Short answer: No. Note that the worst case of this algorithm is when all elements are blue. In such case, you will need $2\cdot n$ swaps in the worst case. When all elements are blue the number of swaps can be zero.
Optimal algorithm:
I think that the following algorithm is the optimal one:
- Count the number of Reds, Blues and Whites in the array.
- Denote $n_{color}$ the number of elements of $color\in \{ Blue,Red,White \}$ in the array.
- Define $i=0, j=n_{Red}-1$, and $k=n_{Blue}+n_{Red}-1$, i.e., counters over the Reds,Blues and Whites arrays in the corresponding , respectively.
- Increase i,j,k until either the counter is lager than the size of the corresponding array (i.e., $i=n_{Red},j=n_{Blue}+n_{Red}$ and $k=n$), or that the corresponding element is not in the appropriate color (i.e., $a[i]$ is not red, $a[j]$ is not blue, $a[k]$ is not white). The algorithm stops iff when all counters are lager than the size of the corresponding array $i=n_{Red},j=n_{Blue}+n_{Red}$ and $k=n$.
Now, if $a[i]$ is blue and $a[j]$ is red, then we can swap between them, and increase the counters of $i$ and $j$ until possible. The same can be said if $a[i]$ is white and $a[k]$ is red or $a[j]$ is white and $a[k]$ is blue. Thus if there are two elements of $(a[i],a[j],a[k])$ with the same color- we can swap the corresponding pair, and increase the corresponding counters.
In the edge case where $a[i]$ is blue and $a[j]$ is white, and $a[k]$ is red, we must do $2$ swaps. The same happens if $a[i]$ is white and $a[j]$ is red, and $a[k]$ is blue.

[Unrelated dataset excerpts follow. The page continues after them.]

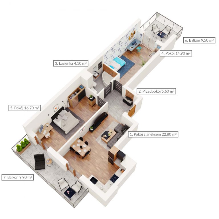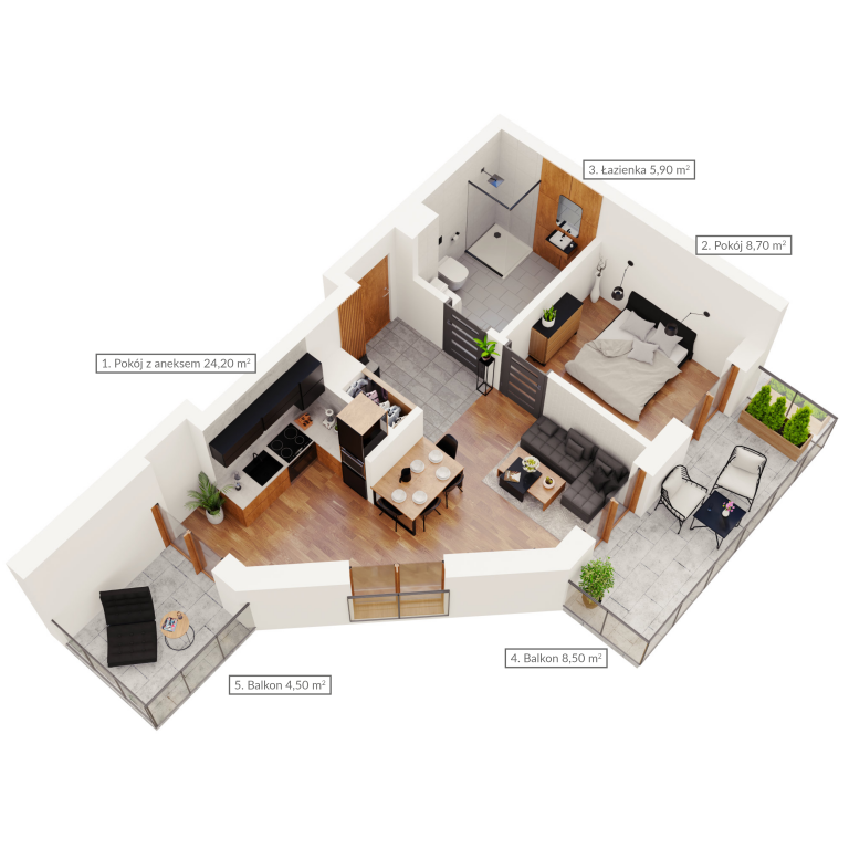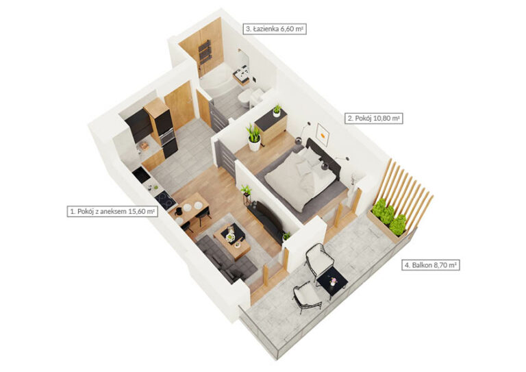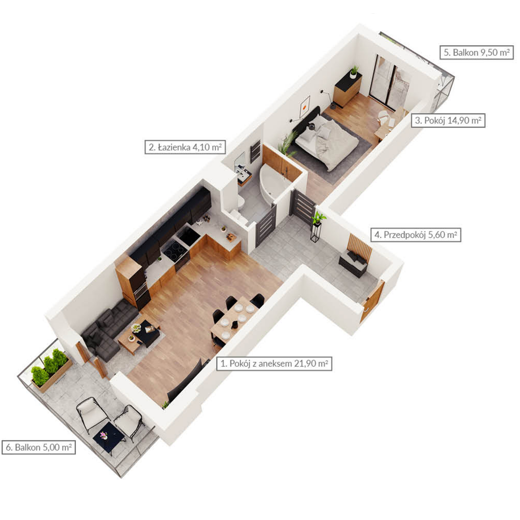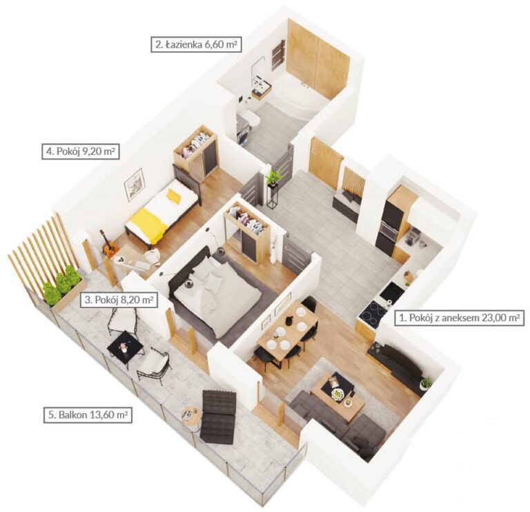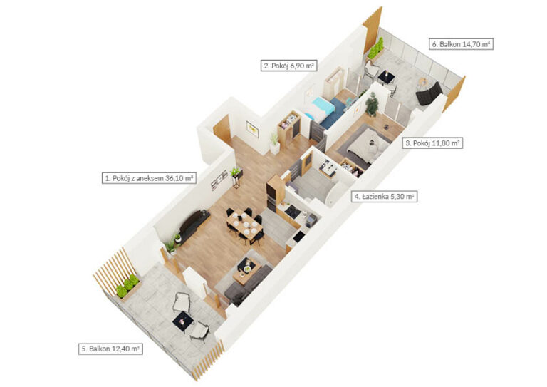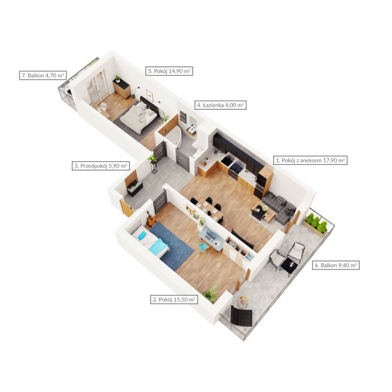 Mieszkanie dwupokojowe z dwoma balkonami
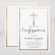 This modern and elegant confirmation invitation is perfect for your child's special day. It features a faux printed gold foil cross and border on top of a simple white background with ornate cursive typography. It's chic, pretty, minimalist, and regal.
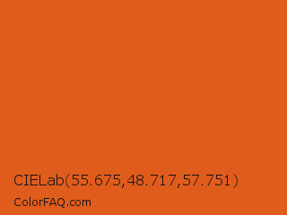 CIELab 55.675,48.717,57.751 Color is a normal orange color and the nearest color is Flame #e25822. Hex code #e05c1d and RGB value is rgb(224,92,29). In RGB color space, this color is composed of 88% red, 36% green, 11% blue, In CMYK color space, this color is composed of 0% cyan, 59% magenta, 87% yellow , 12% black , In HSL color space, this color has a hue angle of 19° , 77% saturation and 50% lightness.
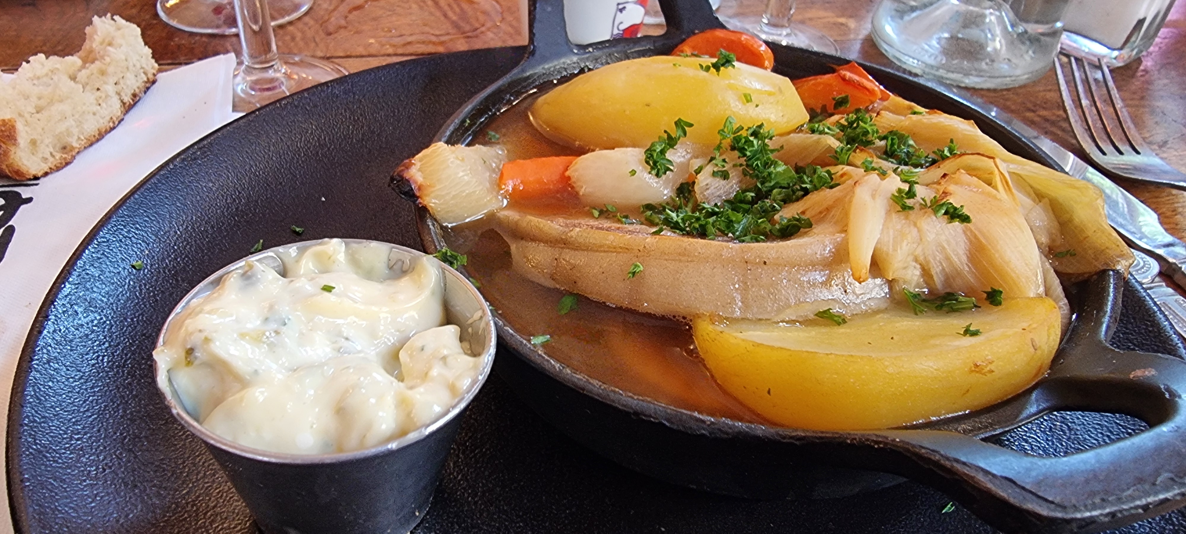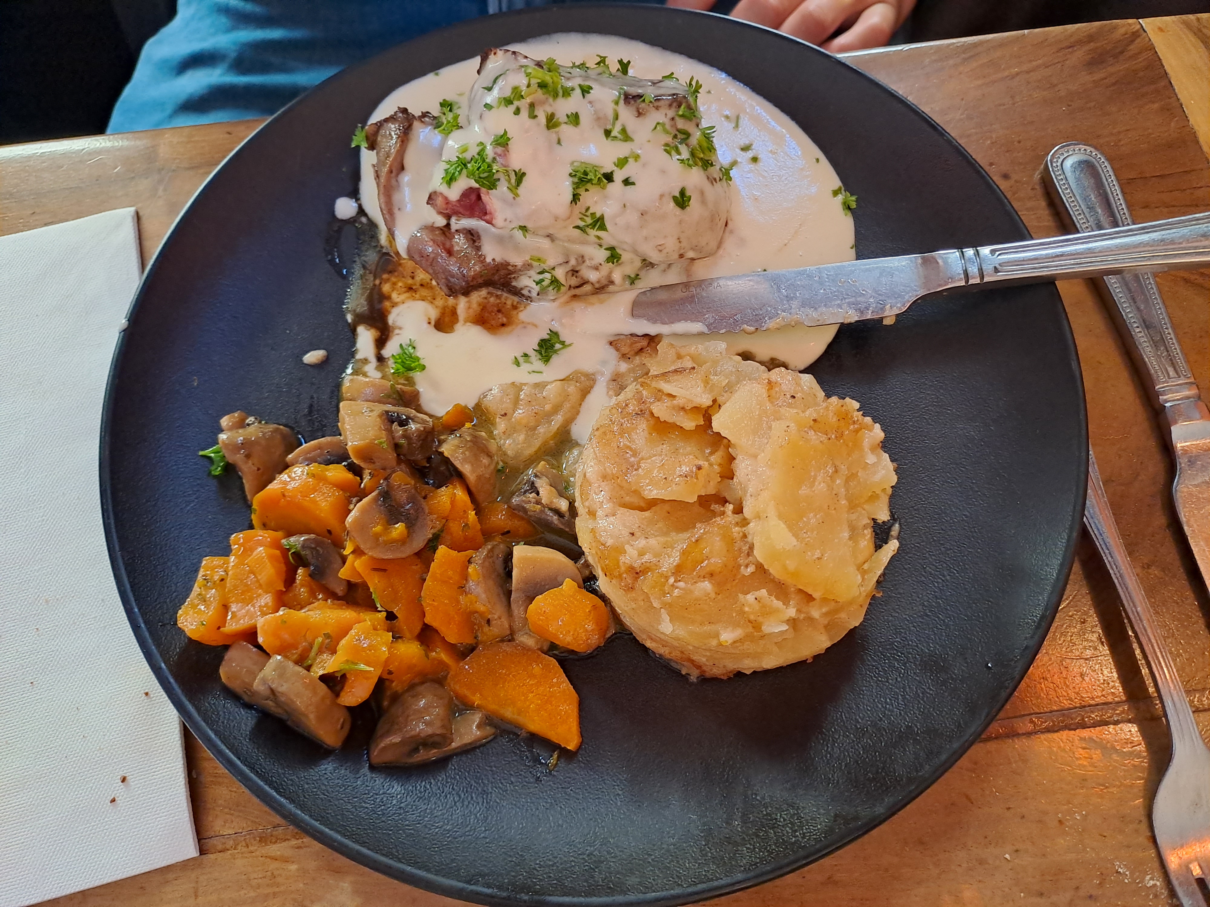 Accueil dans les règles sanitaires en vigueur. Personnels sympathique et attentionnés. Déçu par le filet de boeuf à la carte remplacé par une entrecôte (facturée malgré tout à 24.90€). Belle déco intérieure. Voilà ça reste un endroit typique mais onéreux.
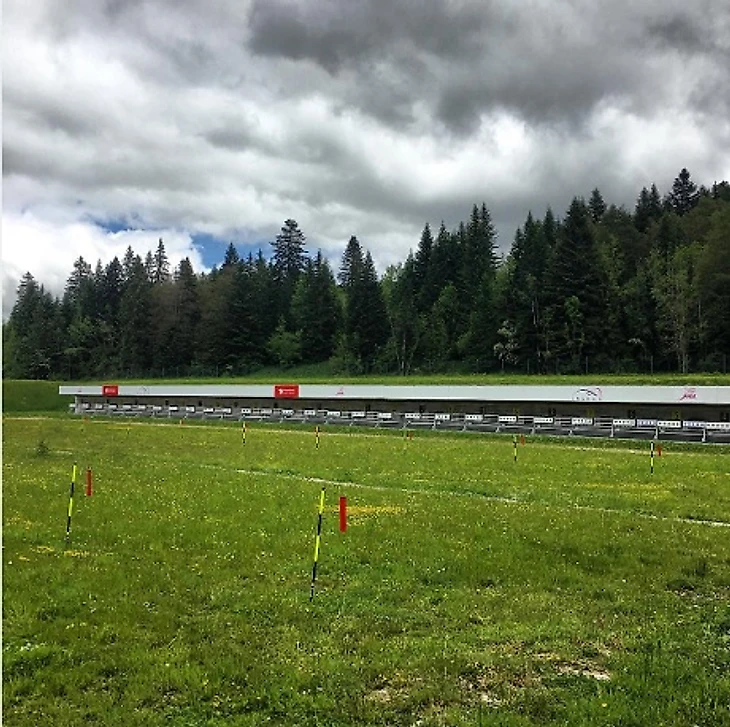 Французский биатлонист Мартен Фуркад провел тренировку на стрельбище.

The number of swaps in such algorithm is at most $\frac{2}{3}n$, in case the array begins with $\frac{n}{3}$ blues, continues with $\frac{n}{3}$ whites, and ends with $\frac{n}{3}$ reds.
I think that this is the optimal algorithm, I will try to show later the correctness.
2.Is the algorithm applicable if there are 4 colors to be partitioned?
I think it does. In the worst case, you can use counting sort, which runs at $O(nk)$ given $n$ elements and $k$ colores.